My other question on this is whether or not this would be a suitable bow for a beginner. I've read that these lightning fast bows are harder for a beginner to shoot because any form errors are greatly magnified. I have a short 27" draw length so the 6" brace height might not affect me as much as it would a longer guy. If I start out with a bow this fast will I have a frustrating learning experience that would have been made much easier shooting a milder bow. I have heard that the bowtech destroyer has a lot more "forgiveness" than many other of the high performing bows in its class but I don't know. Any expert input would be appreciated.


----------



## stablebuck (Nov 22, 2007)

I'd see if I could get him closer to $700 and I think that would be a pretty good deal. I would not recommend a 6" brace height to someone just getting started, but that's not saying I haven't seen beginners shoot a 6" brace height well either. From my personal experience I would say that you want a warranty...which you're not going to get in this deal either. The best course of action would be to see if he'll let you shoot it before you decide and shoot a 40 yard group...if you can shoot an apple sized group with the bow at 40 yards never having shot a bow before then I'd say you might have a pretty good deal at $700ish. Worst case scenario see if he'll part with the quiver for $50 ;-)


----------



## Elkoholic8 (Jan 15, 2008)

Turn the draw weight down to a good comfortable weight and go shoot it for a little bit. Not just one or two arrows. See if you can shoot it for a week or so. If you like it then you are good to go. Also try and go shoot at a good pro shop. Have them teach you the correct form so you start to learn the right way from the start. No sence in learning twice. The Destroyers are a pretty good bow though. Value is hard to say. Bows are like computers, they hold their value for about 4 months, and are obsolete in 2 years. That's just the way it is.


----------



## Renegade (Sep 11, 2007)

Make sure that Bowtech has upgraded the cams. My 2010 Destroyer 350 had the string roll off the original cams twice at full draw on elk on public land. Bowtech took care of the problem for me after the 2nd episode, but I'm done with that bow.


----------



## deadicated1 (Mar 17, 2008)

I have the 350 LE and I freakin love it. I am a beginner as well, AUG of last year. I started with an ancient pse bow that was given to me, and shot at least 5 days a week, with some freinds and mentors that helped me with form, etc. 
When I decided to upgrade, I shot a bunch of bows, and the destroyer just felt perfect to me. I have a 28" draw, but the bow is totally forgiving and smooth. It may not be the smoothest bow out there, but with practice and patience, you will shoot it great. There is a lot of technology on the bow to help with hand torque, and forgiveness, etc. I think on the 2011 the cams should be the good ones. Like was mentioned, I think $800 is a little steep, but If worse comes to worse, I think I myself would pay that much, as long as the rest and sight are quality. But definitely shoot it a few times and see how it feels. My groups tightened up a ton, and I more than doubled my accurate distance when I upgraded...
How good of shape is the bow in?


----------



## colorcountrygunner (Oct 6, 2009)

Thanks for the comments guys. Deadicated1, as far as the condition the bow is actually in awesome condition as far as I can tell but then again, I'm no expert. I went and looked at it last night and watched my buddy shoot it a couple times and it blew arrows straight through his block target! I shot it too but the draw length is set a couple inches too long for me so without adjusting that I wouldn't really know how well it shoots for me. One thing I forgot to mention is he recently replaced the strings with some brand new winners choice strings so that should add some value as well. It has the deeper grooved cams also so strings slipping out shouldn't be an issue. 

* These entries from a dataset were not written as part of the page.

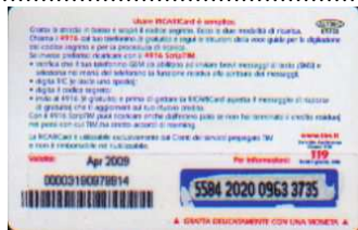
AUT30 - C/ CM8 Apr 09 retro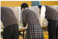
高校生による 模擬投票 (那賀高校)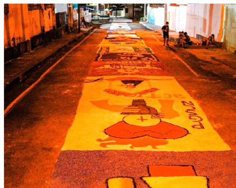
Segundo a coordenação do movi-

Em São Luís, uma das mobilizações acontece no Santuário Santuário Nossa Senhora de Nazaré, no Cohatrac. Na noite de quarta-feira (3), a partir das 19h30, paroquianos se reunirão na Rua B, do Cohatrac I, para confeccionar cerca de 120 metros de tapete que servirão de caminho para a procissão do dia seguinte.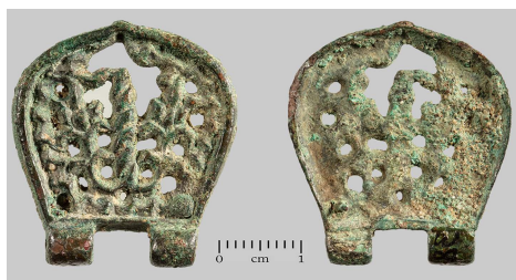
Сл. 6 Горњи елемент дводелног појасног окова, Земун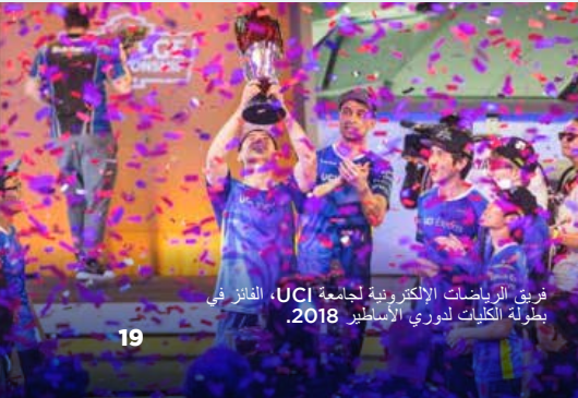
فريق الرياضات الإلكترونية لجامعة UCI، الفائز في بطولة الكليات لدوري الاساطير 2018.

إنّ جامعة UCI هي أول جامعة حكومية تُنشي برنامجًا رسميًا للرياضات الإلكترونية، ويعدّ البرنامج واحدًا من أفضل البرامج وأكثرها شمولاً في العالم. وفي صدارة الأنشطة التعليمية والبحثية المتعلقة بالألعاب، نجد جامعة UCI موطنًا لمجموعة من أكبر نوادي الألعاب في الدولة، كما أنها تضم مجتمعًا قويًا للغاية. نحن نساعد طلابنا على الارتباط بالشركات والوظائف في مجالات الألعاب والرياضات الإلكترونية. اكتشف هذه الرياضات بزيارة esports.uci.edu .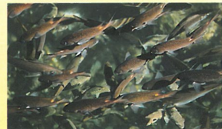
▼ 発着場の海中は餌付けされた魚が多く見られます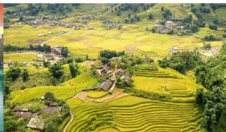
หมู่บ้านต้าฟาน

*กรณีห้องพักรับรองเปลี่ยน ขอสงวนสิทธิ์ในการเปลี่ยนวันเข้าพัก และปรับเปลี่ยนโปรแกรมโดยคำนึงถึงผลประโยชน์ลูกค้าเป็นสำคัญ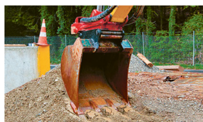
3 Fare il test di contropressione per i sistemi di attacco rapido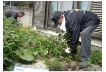
草取り家事支援(太尾ふれあいクラブ)

Now when it comes to the aesthetics of this bow...BARF!! What was bowtech thinking with those limb graphics? It's like one of the bowtech guys ralphed on the floor and thought...hmmm...that would look pretty on a bow. Right now I'm actually kind of leaning towards getting a brand new Hoyt Charger package. I've shot the bow and know that I like everything about it and I like the reputation that Hoyt seems to have from not only the fanboys but the seemingly unbiased people as well.


----------



## stablebuck (Nov 22, 2007)

yeah the limb graphics definitely had "mixed reviews" to put it nicely when that bow first came out! The biggest difference between those two choices is that the Destroyer will tune a little more easily than the Charger, but if you buy the Charger new...the pro shop will probably hook you up with a cam sync, paper tune, etc.


----------



## TopofUtahArcher (Sep 9, 2009)

I'd look at all the bows within your price range and SHOOT them. PSE, Hoyt, Bear, Bowtech, Mathews... the brand isn't going to matter as much as how it fits and feels to you when you shoot them. If the Charger has your attention, I'd recommend looking at the PSE Brute X($399 bare bow) or the Drive($499 bare), the Bowtech Assasin package (bow of the year 2011 and 2012 under $700) and there's one from Mathew's Mission line that the name eludes me... all well under the $700 pricepoint. With tax time soon coming, there will no doubt be a flood of last-year models in the marketplace... I host a bow-swap in March to help guys offload their older models so they can get the new ones...


----------



## Renegade (Sep 11, 2007)

TopofUtahArcher said:


> *I'd look at all the bows within your price range and SHOOT them. PSE, Hoyt, Bear, Bowtech, Mathews... the brand isn't going to matter as much as how it fits and feels to you when you shoot them.*


Absolutely the best advice anyone can get when hunting for a new bow.


----------